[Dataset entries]
◇ ◇ ◇ ◇
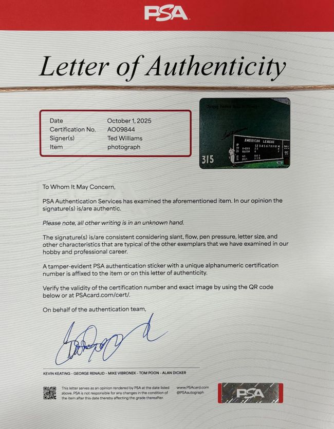 - Hand-signed by Ted Williams, Boston Red Sox legend and MLB Hall of Famer
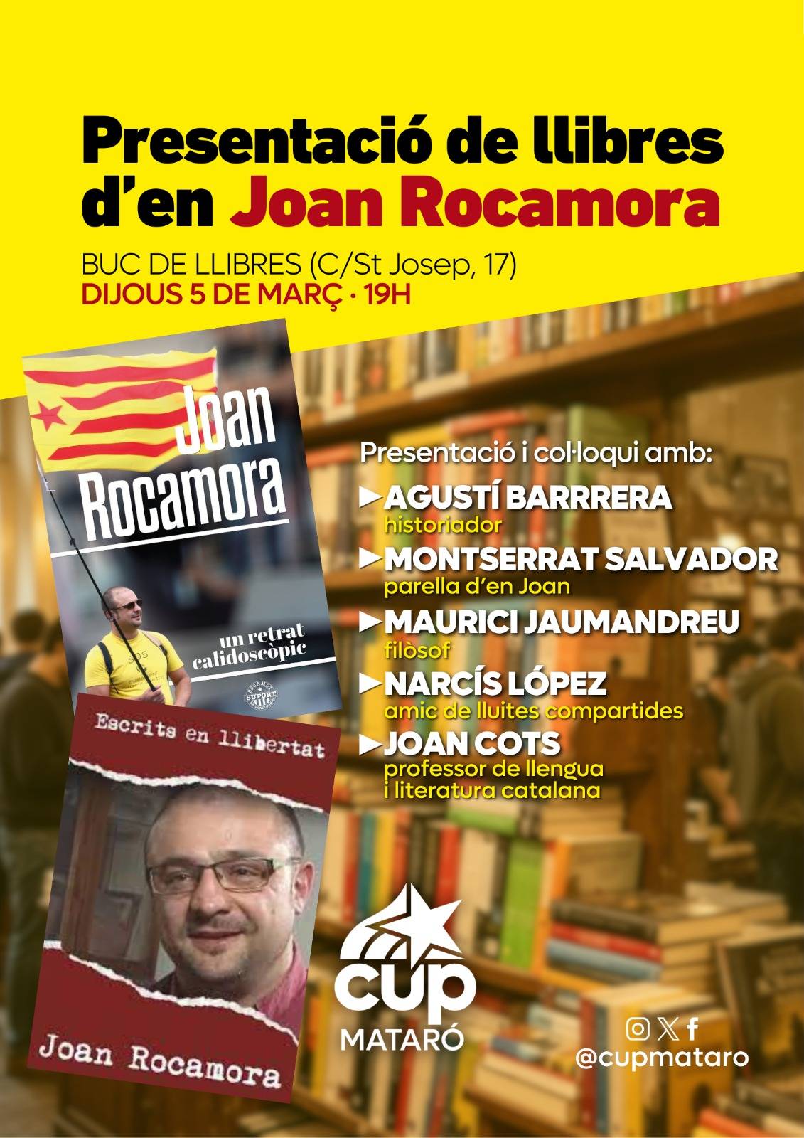 La llibreria BUC de Llibres (C/ Sant Josep, 17) acollirà aquest dijous 5 de març, a les 19 h, la presentació dels llibres Un retrat calidoscòpic i Escrits en llibertat, dues obres que dibuixen el perfil vital, intel·lectual i polític d’en Joan Rocamora, company i un dels fundadors de Llibertat. L’acte és organitzat per la CUP Mataró.
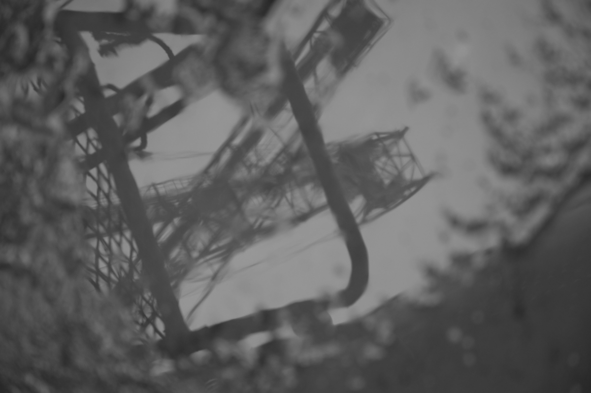 Reflektion av kran i vattenpöl på botten av Gustav V:s torrdocka, Beckholmen, Stockholm.
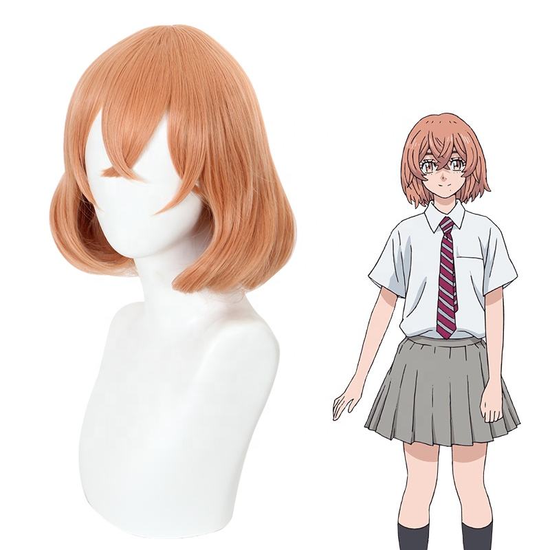 วิกผมอนิเมะ Tachibana Hinata สั้น35ซม. สีส้มคอสเพลย์อนิเมะที่ทนต่อการสังเคราะห์
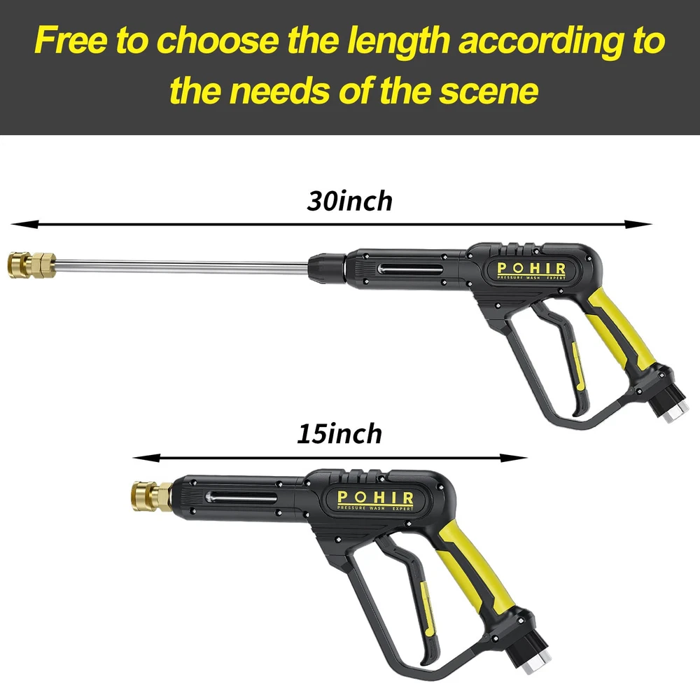 【Premium pressure washer gun】3600 PSI Max pressure, 8GPM Max Flow. Max temperature of water is rated to 60℃ / 140 F. With M22-14 and M22-15 fittings and 3/8'' connector for direct connection to 14mm or 15mm or 3/8'' inner diameter pressure hose fittings 【Compatible pressure washer】With different fittings like M22 14mm fitting,is compatible with Simpson, CraftsmanBriggs Stratton,Karcher, Ryobi pressure washer. M22 15mm fitting is compatible with Sun Joe, Campbell, MI-T-M, AR Blue, Stanley, Cleanforce, Simoniz power washer.Replacement short pressure washer gun fits gas and electric pressure washer with M22 fitting. 【16 inch Extension Wand】This wand make the total length of the gun 30 inches(If you need to connect the extension wand, please use a wrench to remove the 1/4 quick connector on the gun head). 【1/4''standard quick connector】Can be used with any accessory with a 1/4'' plug. Such as nozzles tips, foam cannon, water broom, pivoting coupler, undercarriage cleaner, surface cleaner. Comfortable handle design for easy handling. 【Package include】 1 x 3600psi pressure washer gun,1 x Extension wand,1 x M22 14mm conver fitting, 1 x M22 15mm conver fitting,1 x 3/8" quick connect fitting, 1 x pressure washer nozzle holder, 7 x pressure washer nozzles with different spray angle,Choose different nozzle according to your needs.
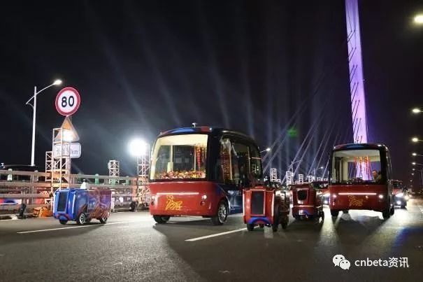 无人车:百度家的 Apollo 无人汽车在无人驾驶模式下实现了交叉并进,这个难度不小。不过这并不是重点,可能镜头闪的太快,大部分人都只看到了百度的阿波罗无人汽车,但实际在港珠澳大桥上跑的可不只有无人汽车,还有无人新能源扯、无人巴士、无人清扫车、无人快递车...
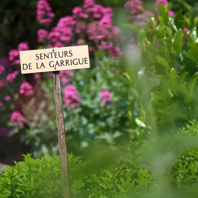 Promenade botanique dans les vestiges du Château parmi 300 variétés de plantes aromatiques.
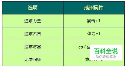 开场动画结束后,玩家们会面临一个来自NPC的提问,有4个选项,根据玩家们的回答不同,会给玩家发一枚属性不同的戒指。
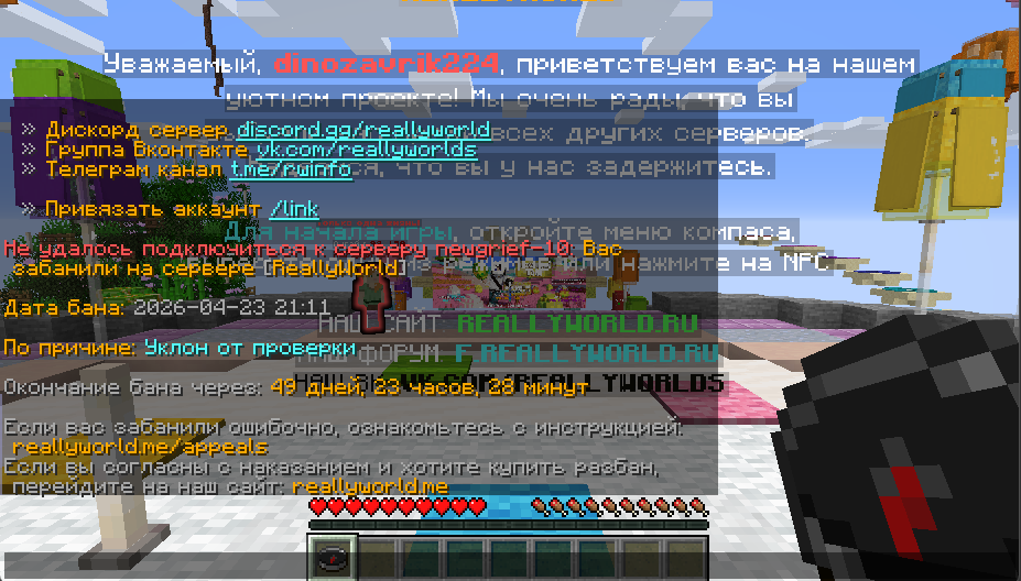 я dinozavrik224 вчера вечером в 23 ночи по мск ьыл забанет на 10гриф за читы без проверки на низ было так что я сдругом таргетил игрока fantocryt игрок пожалывался другу админу каторый забанил меня на 50 дней за читы без проверки на них я играю без читов , готов пройти проверку
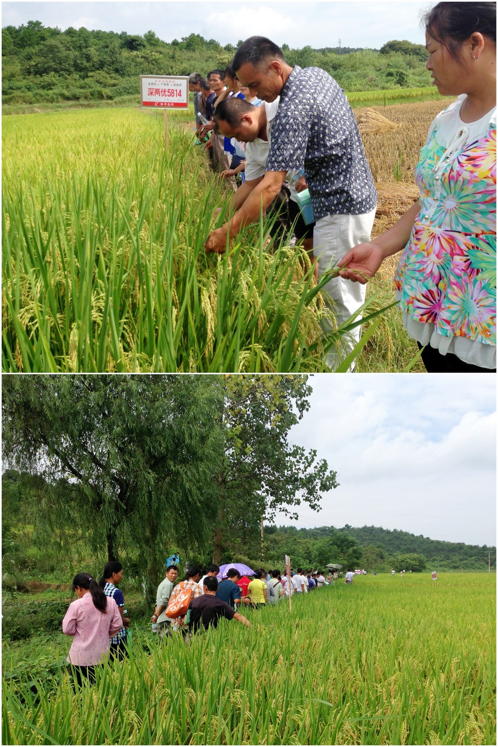 2015年9月4日,祁陽代理商曹寒鐵先生組織祁陽縣100多位鄉(xiāng)鎮(zhèn)種子經(jīng)銷商及種植大戶來到祁陽縣觀音灘鎮(zhèn)聯(lián)興村,現(xiàn)場觀摩該村種植大戶莫學(xué)森連片直播100多畝的農(nóng)業(yè)部超級稻-深兩優(yōu)5814大田,100多號人深入現(xiàn)場,看著金黃的稻穗,大家都說“真正見識到高手種植好品種的現(xiàn)場”,個個夸贊好。種植戶莫學(xué)森介紹說“2014年我也直播了60畝深兩優(yōu)5814,品種表現(xiàn)好,賺了錢,今年擴(kuò)大面積繼續(xù)直播深兩優(yōu)5814,現(xiàn)在田間表現(xiàn)基本穩(wěn)定了,肯定能賺錢”!觀摩的大戶仔細(xì)查看品種表現(xiàn),對照自己的種植的情況,詳細(xì)向種植戶打聽技術(shù),盤算著明年的播種計劃。
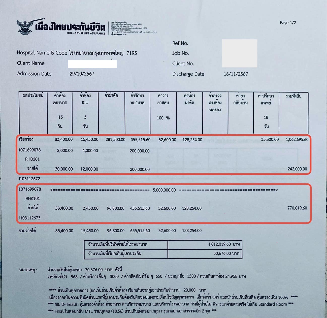 สรุป การรักษาตัวครั้งนี้ นอน รพ รวม 19 วัน ค่าใช้จ่ายรวม 1,062,695.60 บาท
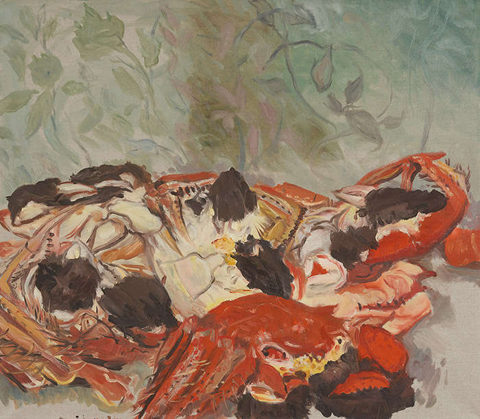 倪军笔下的“肉”张扬着野蛮的生命力,即便它们已被分解。鱼的鳞片上寒光闪烁,仿佛利刃,颇具攻击性,撑满画布的螃蟹张牙舞爪,这一切似乎都与倪军的海洋记忆有关。世界分为两部分,人类或许征服了陆地,但在大海面前,还得保持敬畏,也要随时准备与其搏斗,让这些生物乖乖进入人类的厨房。
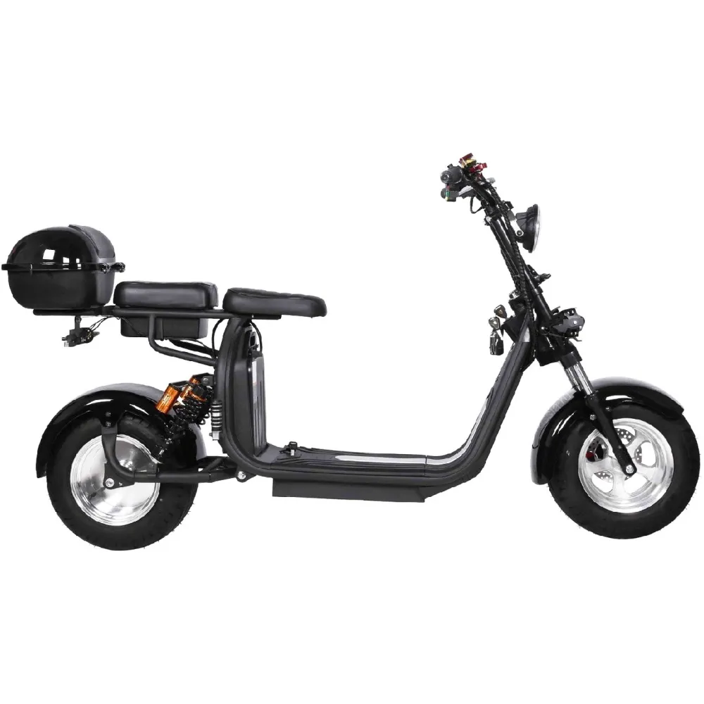 Электроскутер Citycoco Kugoo C6 – обновленный вариант бренда занимает лидирующие позиции в продажах. Брутальный кричащий дизайн заинтересовал райдеров-экстремалов и любителей рыбалки. Широкая отлично сцепляемые шины обещают отличную проходимость и отсутствие проблем в дороге. Техника создана для езды по бездорожью, не разочарует при преодолении небольших препятствий и путешествии по лесным тропинкам.
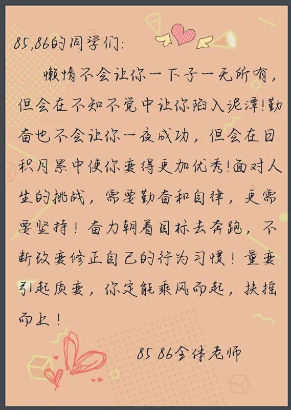 希望大家能够学会自律,规划好自己的学习,疫情不仅能够延长假期,也能够拉开人与人的差距;希望你们能够学会静心,能够抓住这个黄金时期,实现追赶超越,不断提升自我!
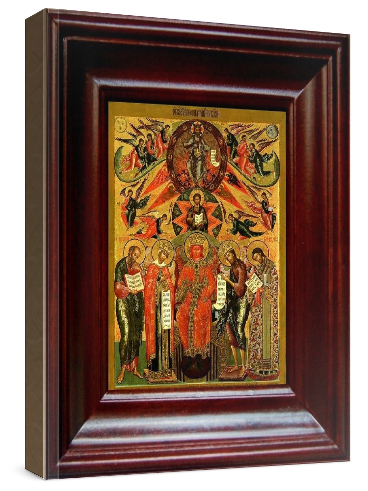 Икона софия-премудрость божия (новгородская) (21х24), простой киот. Лик нанесен методом шелкографии на цельную липовую доску, покрытую левкасом (специальным грунтом под живопись). Использованы минеральные (природные) краски. Размер иконы без киота (см): 13х16, с киотом: 21х24. Киот со стеклом, выполнен из березы. Икона освящена.
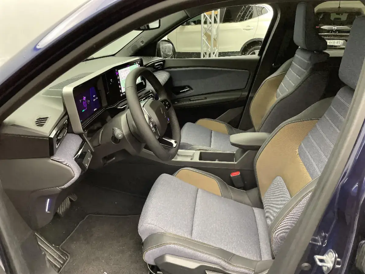 - Sellerie textile 100% recyclé "jean", double surpiqûre grise / ocre et textile refined noir
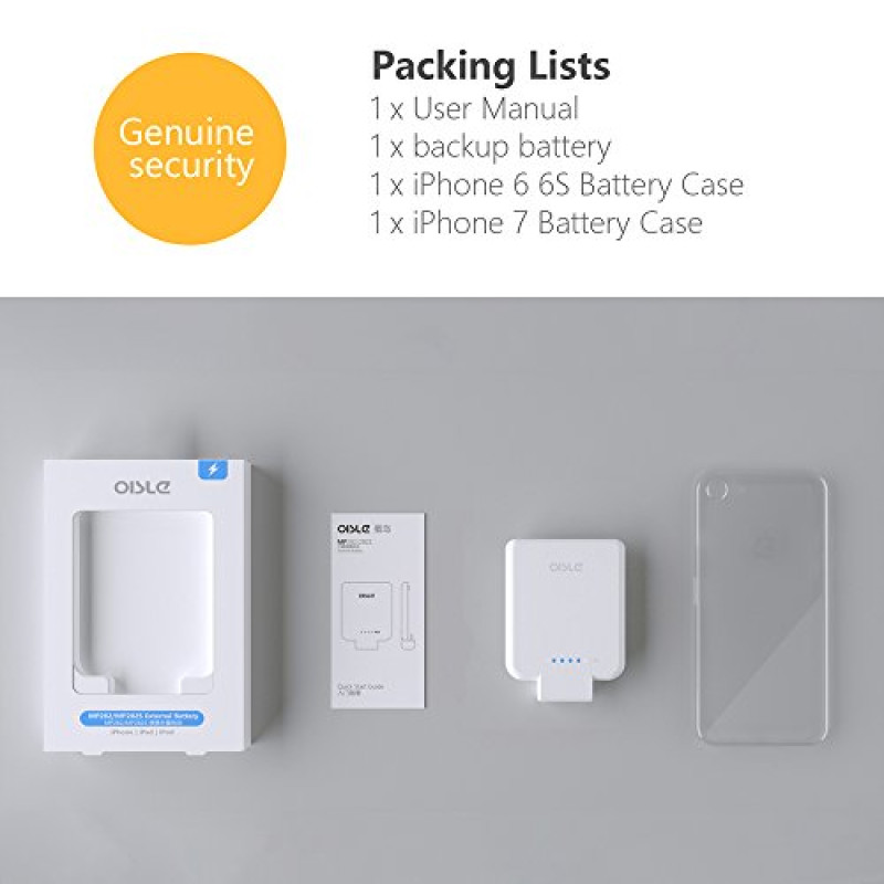 Design Concept: : Generally, people just need to fully charge their phones once in a day. OISLE's design conception is to find a perfect balance between practicability and exquisiteness, and with the best quality. TOP FEATURES: - Li-Polymer Battery - LED Battery Level Indicator - Universal Apple Compatibility - Easy to Use PARAMETER: -Input: DC 5V/1-2A -Output: DC 5V/1A MAX -Capacity: 2200mAh -Weight:51g -Size:2.28 x 3.15 x 0.3in -Certificate: GB4943.1 & GB5296.2 & GB/T18287-2000 CE, FCC & RoHS -Charging mode : slow/quick (press function button for 3sec to switch) NOTE: The capacity is 2200 mAh. Dear supporters, please think it through before purchasing, the portability is inversely proportional to the capacity, and it's not available to get them simultaneously. We will do as perfect as possible. USB charging cable is not included, you can use your iPhone lightening cable to charge it. Compatible with: iPhone 7, iPhone 6/ 6S, iPhone 5/5S. INSTRUCTIONS: -Automatically charge with slow charge mode(default mode) -Press ON/OFF button 3 seconds to start QUICKER charge BOX CONTENT: -1 x backup battery -1 x iPhone 6 6S Battery Case -1 x iPhone 7 Battery Case -1 x User Manual OISLE Manufacturer Warranty: OISLE offers a 1-year manufacturer limited warranty that will protect you against all defects in material and workmanship. 1, Please do not bend the lightning port of the Mini Power Bank. It is very easy to bend. Please take care of it. 2, Generally speaking, the Mini Power Bank can not used in the iPhone case's thickness > 1mm. Only fit for the cell phone case < 1mm. 3, Please insert & pull the Mini Power Bank in Horizontal line with iPhone.Product Feature
◇ ◇ ◇ ◇
• Task to complete: The expected output is an exact copy of the lines from the top of the data above through the line containing "วิกผมอนิเมะ Tachibana Hinata", both included, with every picture omitted.

• Written answer:
 - Hand-signed by Ted Williams, Boston Red Sox legend and MLB Hall of Famer
 La llibreria BUC de Llibres (C/ Sant Josep, 17) acollirà aquest dijous 5 de març, a les 19 h, la presentació dels llibres Un retrat calidoscòpic i Escrits en llibertat, dues obres que dibuixen el perfil vital, intel·lectual i polític d’en Joan Rocamora, company i un dels fundadors de Llibertat. L’acte és organitzat per la CUP Mataró.
 Reflektion av kran i vattenpöl på botten av Gustav V:s torrdocka, Beckholmen, Stockholm.
 วิกผมอนิเมะ Tachibana Hinata สั้น35ซม. สีส้มคอสเพลย์อนิเมะที่ทนต่อการสังเคราะห์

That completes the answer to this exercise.